公園で遊んでいた(男2人、女1人)の小学生が、40代くらいの男性に乱暴を受けたという話。

 

最初は、刃物を押し付けられたという話から始まって、

いや、刃物ではなく、どうやら木切れだったようだ、になり、

最後は、子供たちがベンチで寝ていた男性を勝手に携帯カメラで撮影しようとしていたところ、

その男性に見つかり、一旦はその場を離れた子供たちが、再び様子を見に引き返して来たら、

その男性から「さっきの子どもたちだろう」ということで木切れで打たれたということらしい。

 

子どもたちは、打たれた後に自分たちが通う小学校に駆け込んだとのこと。

近頃、子供を標的にした事件が頻発しているので、学校も「すわ!!」と身構えたことであろう。

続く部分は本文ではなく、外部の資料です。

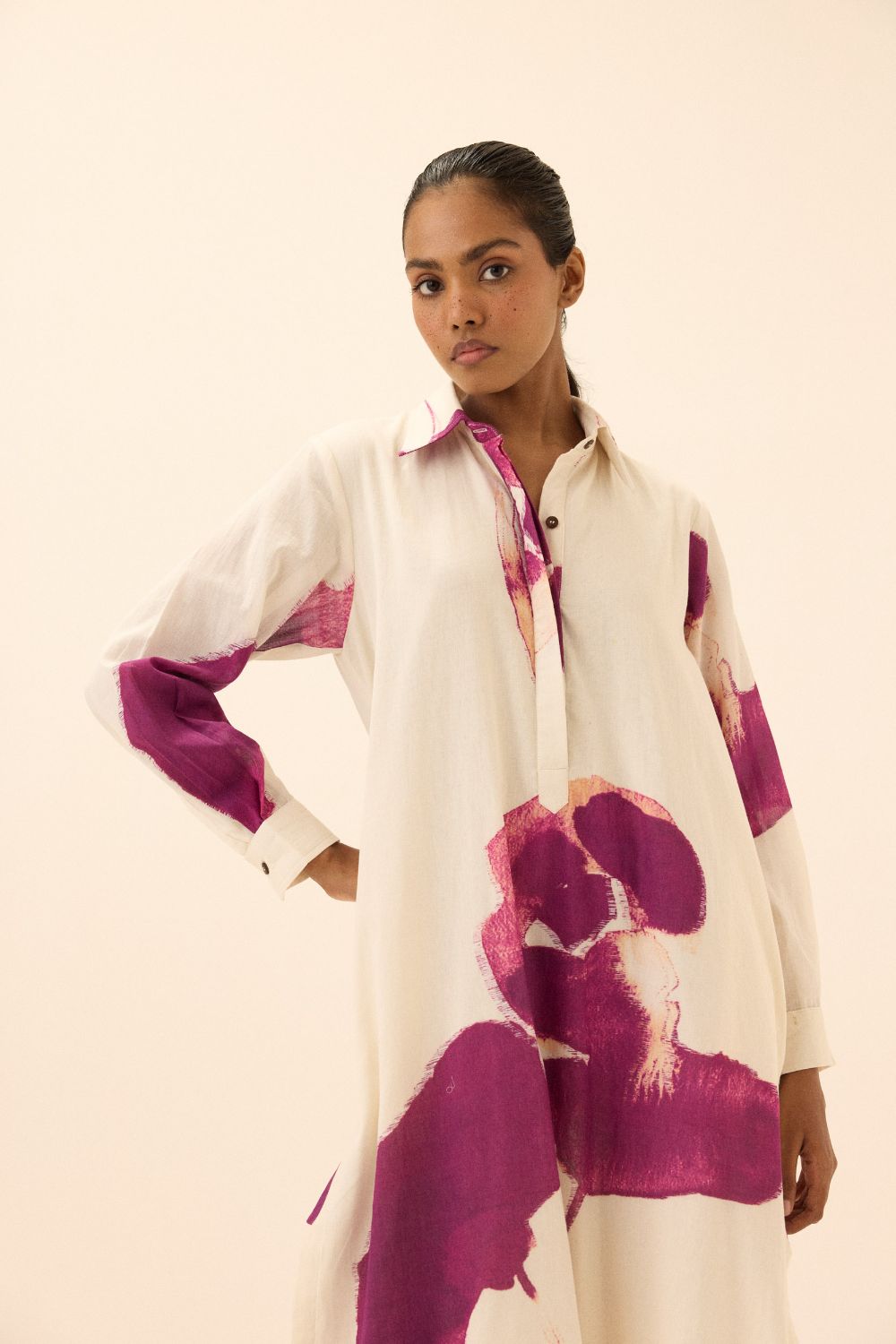 Each piece is grounded in India’s textile heritage yet designed for a woman who moves easily between cultures and climates. The brand’s commitment to homegrown cotton, artisanal processes, and clean, breathable shapes has made these garments not just beautiful, but deeply wearable.

その時、(なぜそうなったのか)という 事の成り行きを子供たちから落ち着いて聞き出せていただろうか?

 

ひと昔であれば、無断で面白半分に大人をからかうようなことをした子供に非を説いて聞かせ、

教師引率のもと公園まで謝罪に行かせるという教育指導もあったかもしれない。

が、今や "物騒" な出来事が多すぎて、なかなか人の良識や寛容を期待できないので、

わざわざ公園に出向き、その男性を見つけて謝罪という行動は適切ではないかもしれない。

 

まあ、何が言いたいかというと、

近頃は街中で、何かと言うとスマホや携帯で画像を拾う人が多いし、

それを、無配慮にネットのブログに掲載しているようだけれど、

画像の収集にも倫理のケジメはあろうというもの。

 

そんな小難しいことには無頓着な子どもでさえ、携帯片手に街中闊歩する時代、

無断で他人にカメラを向けてはいけないことなど、はなから意識の中に無いのだろうなあ。

 

いくらデジタルカメラが楽に多数回シャッターが押せて、画像の保存容量が大きいからといって、

何でも目についた事象にレンズを向けて画像収集をしてもよいというものではない。

対象が人間である場合は、ことさらに注意が必要である。

 

人間には、自他ともに犯してはならない(犯されたくない)領域がある。

その自尊心は、礼儀として常識として尊重しなければならないことを、

幼いころから教えたほうが良いのではないだろうか。

 

今回、携帯のカメラをベンチの男性に向けたという子供たちが、

反対に見知らぬ人にカメラを向けられてシャッターを押し逃げされたとしたら、

彼らはどう感じるかを訊ねてみたい。